Beyond Binary Treatments: Fixed Effects Estimators and their Properties

Vladislav Morozov

Introduction

Lecture Info

Learning Outcomes

This lecture is about handling more general treatments in panel data using “fixed effect/random intercepts” estimators


By the end, you should be able to

  • Describe the fixed effect estimation procedure
  • Establish causal properties of such estimators under homogeneous and heterogeneous effects

References

Textbooks:

  • Chapter 16 in Huntington-Klein (2025)
  • Chapter 13, 14-1, 14-4, 14-5 in Wooldridge (2020)
  • Chapter 17 in Hansen (2022) (except dynamic panels and random effects)

Empirical Motivation

Empirical Question

How strongly does pollution affect labor market outcomes?

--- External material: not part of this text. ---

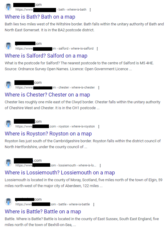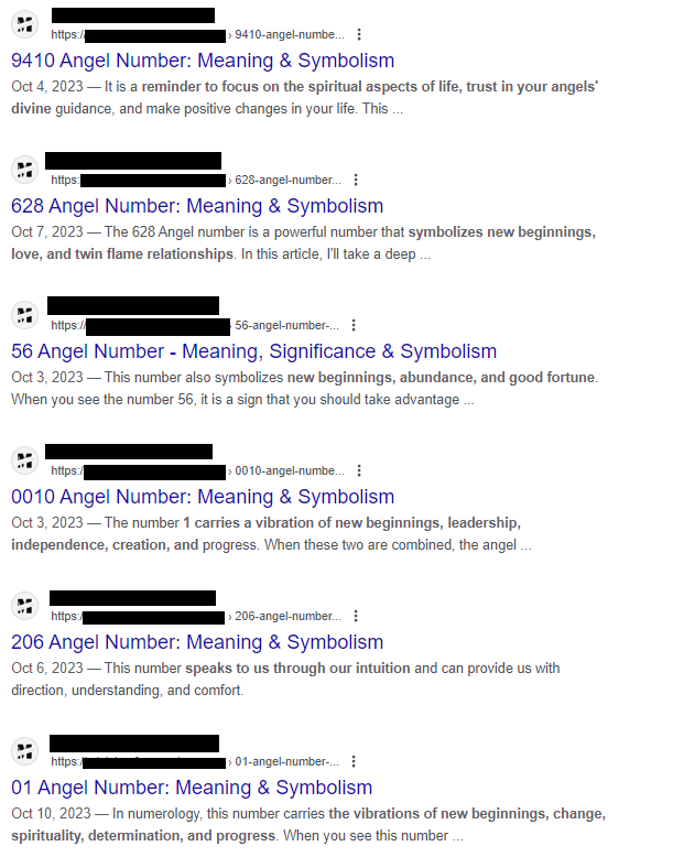 A site: search also revealed that many sites in this category seemed to be focused on using longtail keywords for ranking purposes, meaning more focus on driving traffic rather than providing value to users, as shown in the image below.
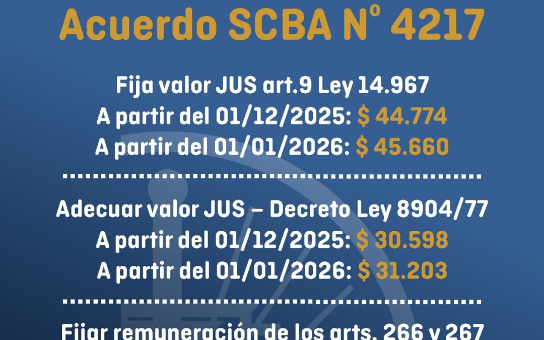 Readecuación del valor del Jus desde el 1º de diciembre de 2025 y 1º de enero de 2026 como así también del valor del Jus arancelario decreto-ley 8904/77 (Acuerdo Nº 4217, Arts. 1º y 2º).

  • We know that pollution is bad for health
  • But how does it affect economic activity, particularly earnings and employment?

Challenge: Endogeneity

Cannot just regress labor market outcomes on overall pollution

  • Two-way causality, more economically active places tend to have more pollution
  • Simple regression will suffer from endogeneity


  • Can solve endogeneity with instrumental variables
  • But those are difficult to find

Another Approach

  • Find pollution not driven by (your own) economic activity
  • But some places may be more likely to have this pollution \(\Rightarrow\) this would affect decisions of people to live there


What if we could control for this likelihood?

  • How — topic of lecture
  • Application: how Borgschulte, Molitor, and Zou (2024) solve the issue

Motivation and Questions

Reminder: TWFE

Recall: for difference-in-differences showed that \[ \small \widehat{ATT}^{DiD} = \hat{\delta} \] where \(\hat{\delta}\) was the OLS estimator in regression \[\small Y_{i2}- Y_{i1} = \gamma + \delta D_{it} + U_{i2} \tag{1}\] for \(\delta\) — the ATT; \(\gamma\) — average change in outcomes (trend)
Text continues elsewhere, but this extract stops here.